Assessing IBM's POWER8, Part 1: A Low Level Look at Little Endian
by Johan De Gelas on July 21, 2016 8:45 AM ESTSingle-Threaded Integer Performance: SPEC CPU2006
Even though SPEC CPU2006 is more HPC and workstation oriented, it contains a good variety of integer workloads. Running SPEC CPU2006 is a good way to evaluate single threaded (or core) performance. The main problem is that the results submitted are "overengineered" and it is very hard to make any fair comparisons.
For that reason, we wanted to keep the settings as "real world" as possible.
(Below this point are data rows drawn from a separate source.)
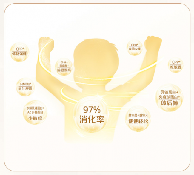 海普诺凯1897荷致以母源全面营养为核心,延续妈妈温和的营养关怀,更大程度亲和亲喂营养结构,让新生儿快速适应。同时搭载荷兰专利A2β-酪蛋白+OPO组合,有助于更亲和宝宝肠胃,更易被新生儿消化吸收,从根源降低肠胃不适风险。此外,为让宝宝健康更在线,海普诺凯1897荷致还在配方中添加了全面自护营养群,高量乳铁蛋白+5种母乳低聚糖HMOs+免疫球蛋白IgG+乳源燕窝酸+9:1黄金益生元+益生菌,有助于多维度调节肠道菌群平衡,筑牢宝宝自护屏障。而且为了让宝宝消化吸收得更好,荷致还创新添加了水解小分子蛋白与CPP活性肽,将蛋白质分解为更易吸收的小分子,有助于进一步提升营养吸收效率,让宝宝摄入的每一滴营养都能高效转化为成长动力。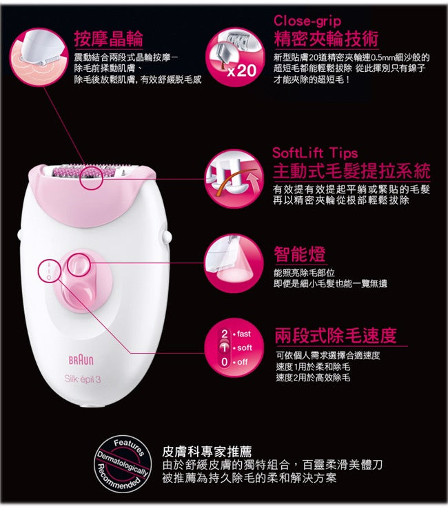 輕鬆擁有長效柔滑的美肌,震動結合兩段式晶輪按摩,先揉動、後放鬆肌膚,有效舒緩不適感,Close-grip 精密夾輪技術,20 道精密夾輪,輕鬆拔除 0.5 公釐超短毛,SoftLift Tips 主動式毛髮提拉系統,智能燈-引導拔除最細微毛髮,柔和、高效兩段式除毛速度,刮拔兩用,附修剪梳,皮膚科專家推薦。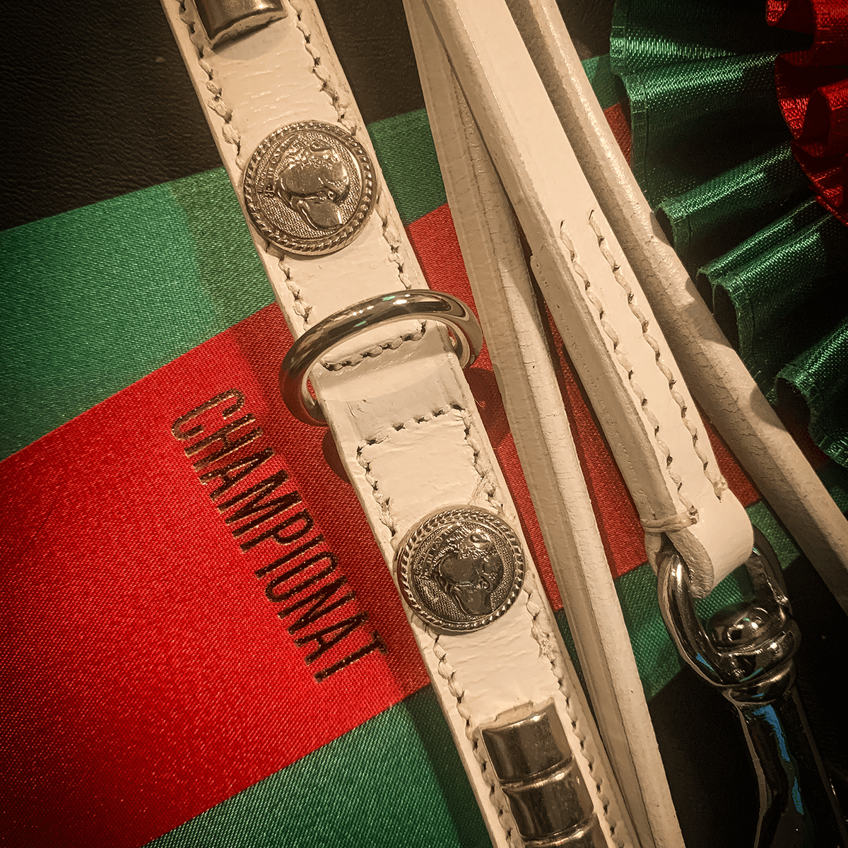 Staffordshire Bull Terrier 1935® Collier et laisse d'exposition - Champion - Blanc et Argent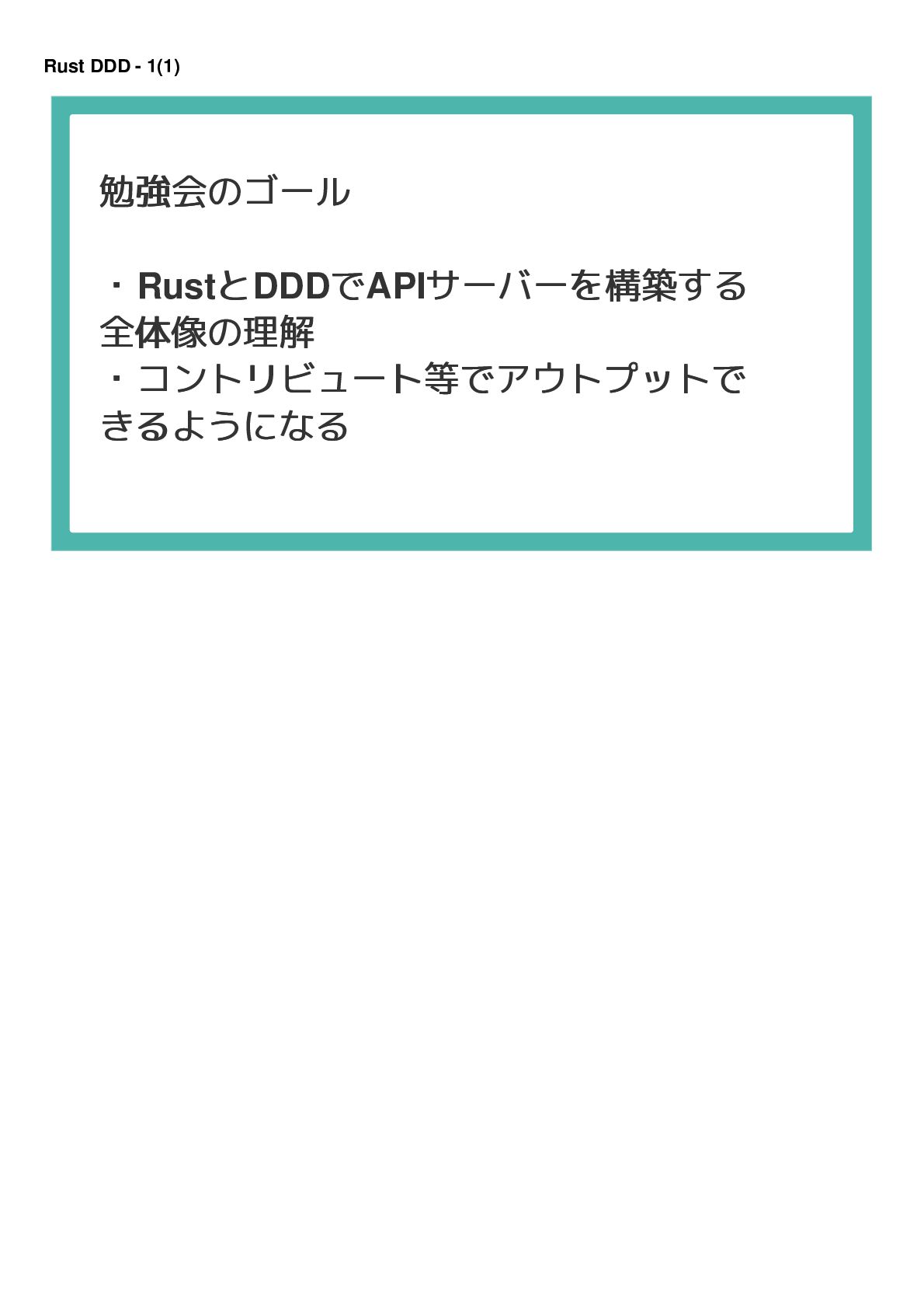 Rust DDD - 1(1) 勉強会のゴール 勉強会のゴール ・ ・Rustと とDDDで でAPIサーバーを構築する

So we used:
- 64 bit gcc 5.2.1: most used compiler on Linux, good all round compiler that does not try to "break" benchmarks (libquantum...)
- -Ofast: compiler optimization that many developers may use
- -fno-strict-aliasing: necessary to compile some of the subtests
- base run: every subtest is compiled in the same way.
The ultimate objective is to measure performance in applications where for some reason – as is frequently the case – a "multi-thread unfriendly" task keeps us waiting.
Here is the raw data. Perlbench failed to compile on Ubuntu 15.10, so we skipped it. Still we are proud to present you the very first SPEC CPU2006 benchmarks on Little Endian POWER8.
On the IBM server, numactl was used to physically bind the 2, 4, or 8 copies of SPEC CPU to the first 2, 4, or 8 threads of the first core. On the Intel server, the 2 copy benchmark was bound to the first core.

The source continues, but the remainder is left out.